既にいろんなところに書いたけれど、細切れの情報が圧倒的な速度で消費されるようになった今のカルチャーの現状に対して、多くのミュージシャンはカウンターとしての表現を行っている
http://twitter.com/#!/shiba710/status/23158741309

ブンブンサテライツがじっくりと向きあって聴く大作を作り上げたのも、KREVAが「閉塞感」をキーにしてそれを打ち破ろうとリリックを書いているのも、2010年の時代の空気への必然的な対応だと僕は思っている。
http://twitter.com/#!/shiba710/status/23159024705

逆に言うと、OKAMOTO'Sや神聖かまってちゃんは、情報消費のスピードが圧倒的に上がっていることを前提に自分の表現を打ち出しているわけで。単なる世代や年齢の差じゃなくて時代が変わったことを背景に「新世代」の人達が脚光を浴びているという事実がある。
http://twitter.com/#!/shiba710/status/23159318707

他にも、ビークルのヒダカさんや、サカナクションの山口くんや、オレンジレンジのNAOTOくんや、ミイラズの畠山くんや、いろんな人と「今という時代に、音楽はどういう表現であるべき、ミュージシャンはどういうスタンスでいるべきか」というテーマでの話をした。

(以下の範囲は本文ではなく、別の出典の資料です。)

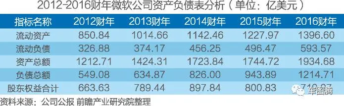 2016财年,公司资产总额为1934.68亿美元,同比增长10.89%;公司流动资产为1396.60亿美元,同比增长13.73%;公司负债总额为1214.71亿美元,同比增长28.69%;公司股东权益为719.97亿美元,同比减少10.10%。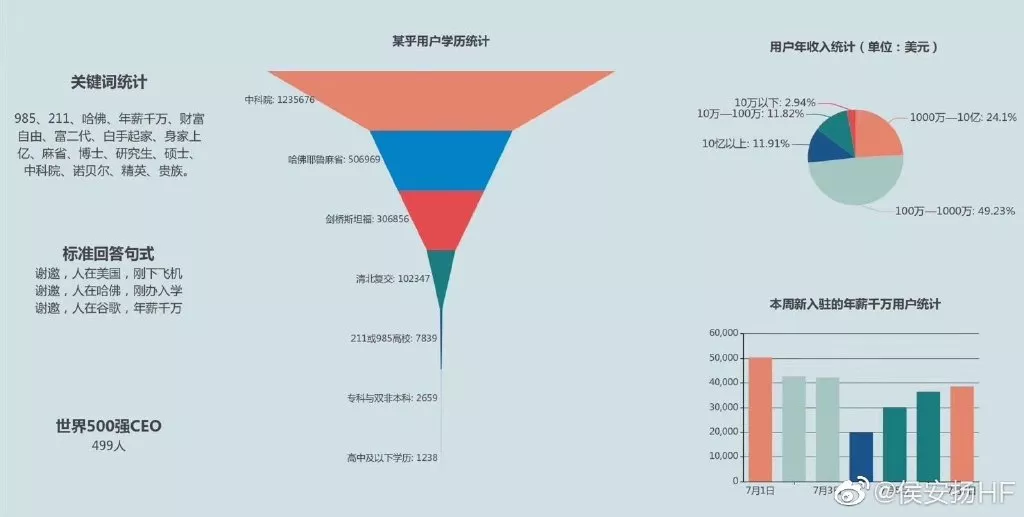以全民皆知的“高端社区”知乎为例,蹦跶的最欢的人,不是正在国外就是刚下飞机,学历个个常春藤,年薪全都过百万。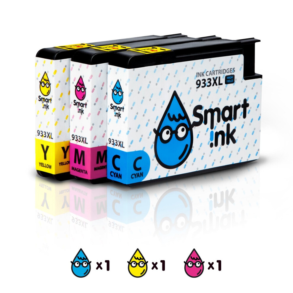 Smart Ink Compatible Ink Cartridge Replacement for HP 932XL 933XL 932 XL 933 High Yield (C/M/Y 3 Combo pack) to use with Officejet 6100 6600 6700 7110 7510 7610 7612 7620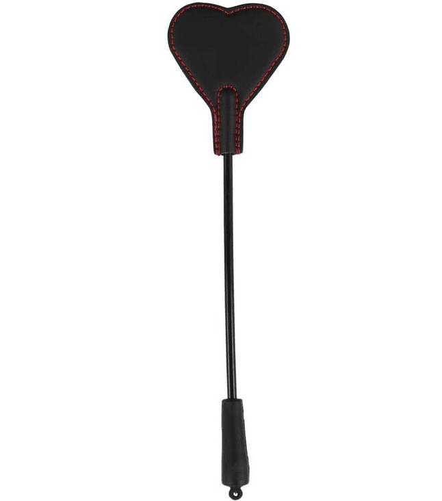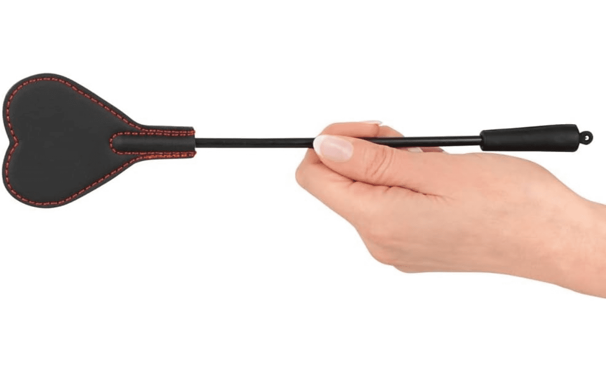 Pour des frappes douces / dures d’amour! Cravache avec une double surface de frappe: d’un côté du cuir qui claque de l’autre une douce fourrure artificielle. Forme de coeur.
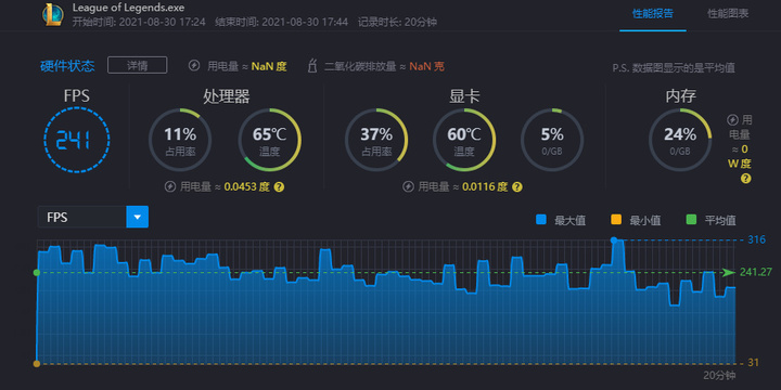 對於微星 GE76 來説,《英雄聯盟》給到的壓力確實很小,關閉幀率鎖定之後,幾乎全程幀率都在 200 以上,平均幀率 241,同時 CPU 的負載也僅有 11%,發熱情況也好很多了。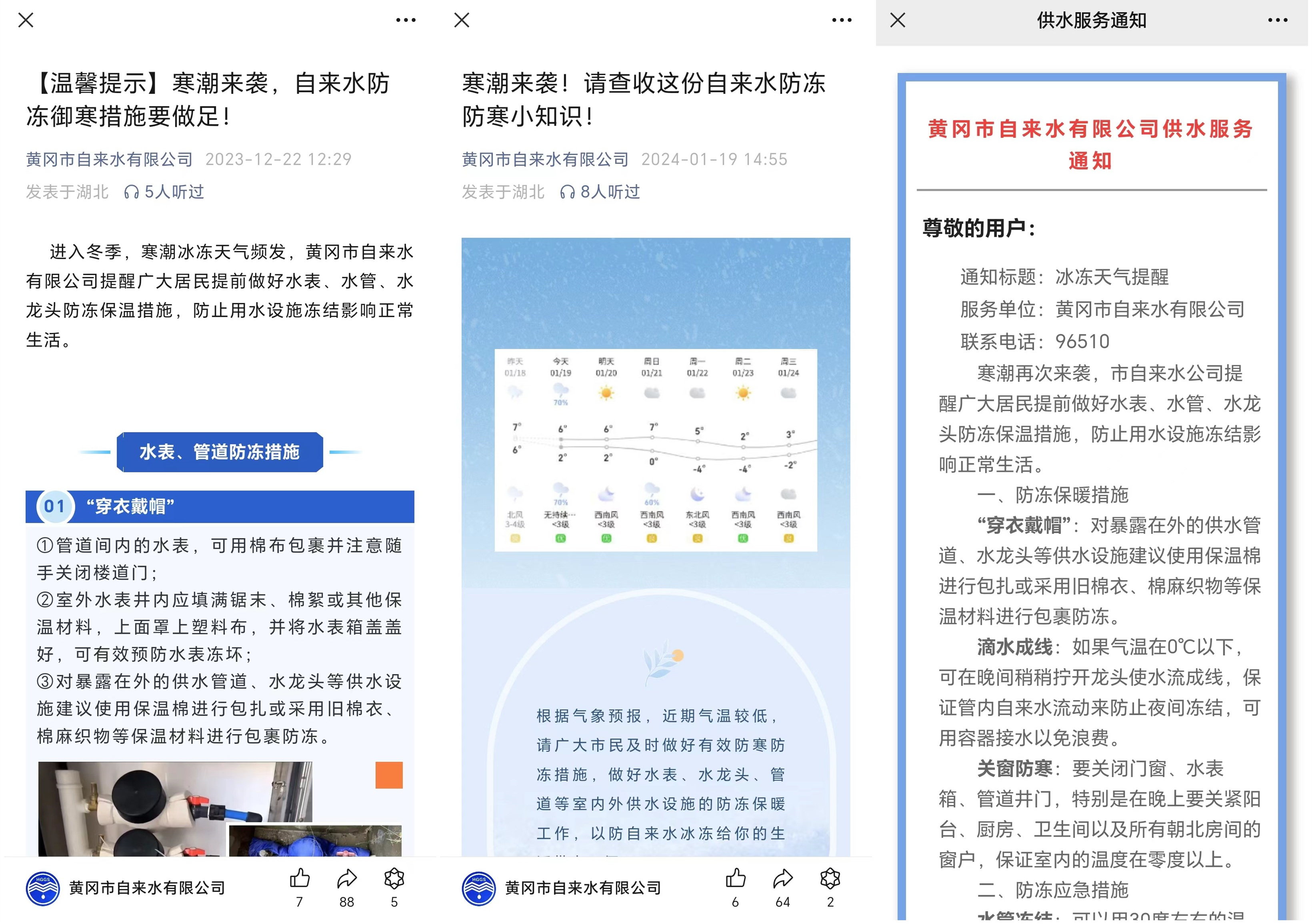 為廣泛宣傳防寒防凍知識,自2月1日起公司通過微信公眾號每日推送防寒防凍消息,大力宣傳防凍保溫措施以及防凍應(yīng)急措施,號召廣大居民對水表、管道、閘閥、水龍頭等用水設(shè)施進(jìn)行“穿衣戴帽”,避免冰凍寒冷天氣造成水管、水表凍結(jié)、凍裂,影響正常用水。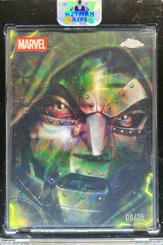 The Doctor Doom 2025 Topps Chrome #MR-1 Marvel Reflections - Kaleidoscope /25 card is 1 of 35 Doctor Doom's card variations in the 2025 Topps Chrome set being tracked by Sports Card Investor, including Base, Refractor, Yellow Lava Refractor, Spider Web Refractor /399, and Blue Refractor /299.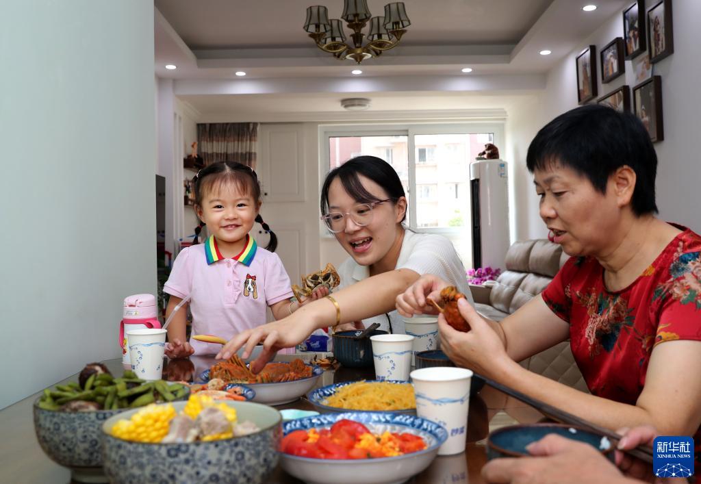 9月20日,上海市兴业中学援滇支教教师周华的家人在上海的家中吃饭。新华社记者 刘颖 摄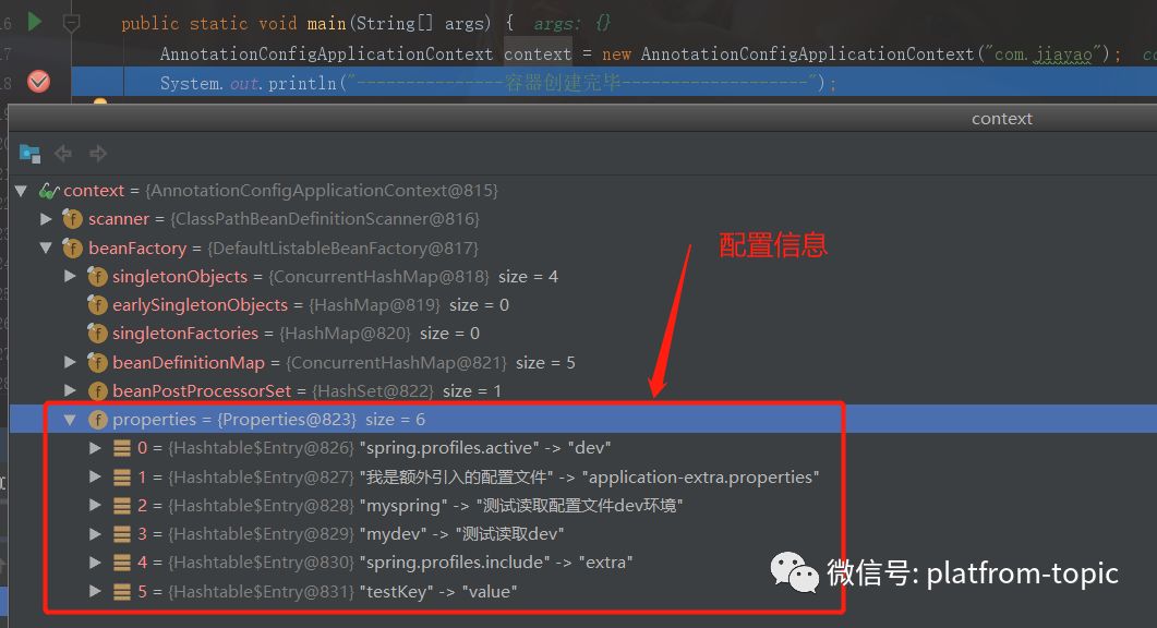 用于在类的扫描器ClassPathBeanDefinitionScanner中将扫描出来的配置文件信息注册到BeanFactory中,并且提供对外查询接口,获取配置文件信息;(回头可优化添加@Value注解,实现属性注入),完成上述操作后,我们在IOC项目中启动程序,通过断点查看一下读取到的配置文件是否是我们上门所配置的配置信息

立場はいろいろだし、どういうスタンスを取っているかも人それぞれだけれど、「変化が起こっている」という認識においては皆一様だった。

僕自身のスタンスは、最近では少し変わってきている。

今年の前半は、正直言うと「つらいなあ」という感じだった。「右を見ても左を見ても閉塞感しか感じられないなあ」という感覚だった。情報は明らかにジャンク化している。質よりスピード。内容よりもアクセス数。特にネットメディアを見ているとそれを実感する。音楽もそういう波に飲み込まれてジャンクなものに埋め尽くされるのかなあと思うと、ちょっとやるせない気持ちにもなった。話題はそれるけれど、テレビもそうだよなあと思う。特に海老蔵関連のワイドショーとか、味のしなくなったガムを繰り返し繰り返し噛み続け、吐き出してはまた拾って噛み続けるような気持ち悪さがある。

でも、どうやら音楽に関しては、ジャンクなものにならなそうな気がしている。特に日本のロックのシーンを見ていると、どんどん切実で突き刺さる音楽が出てきている。もしくは消費される速度を前提にしたスピード感のあるものが出てきている。オリコンのシングルチャートはもうなんだかよくわからないものになっているけれど、そことは別のところでいろんなものが生まれている。というか、あれはもう、指標としての意味も、もうほとんど失っているだろう。CDが売れない、音楽業界の先行きが見えない、というテーマでも今年何度か記事を書いたけれど、現場ではもうそれは「前提」になっている。そこをスタートにした、身軽なコミュニケーションが模索されている。

向かい風はキツイけど、そういう時代だってこった、って思うようにしている。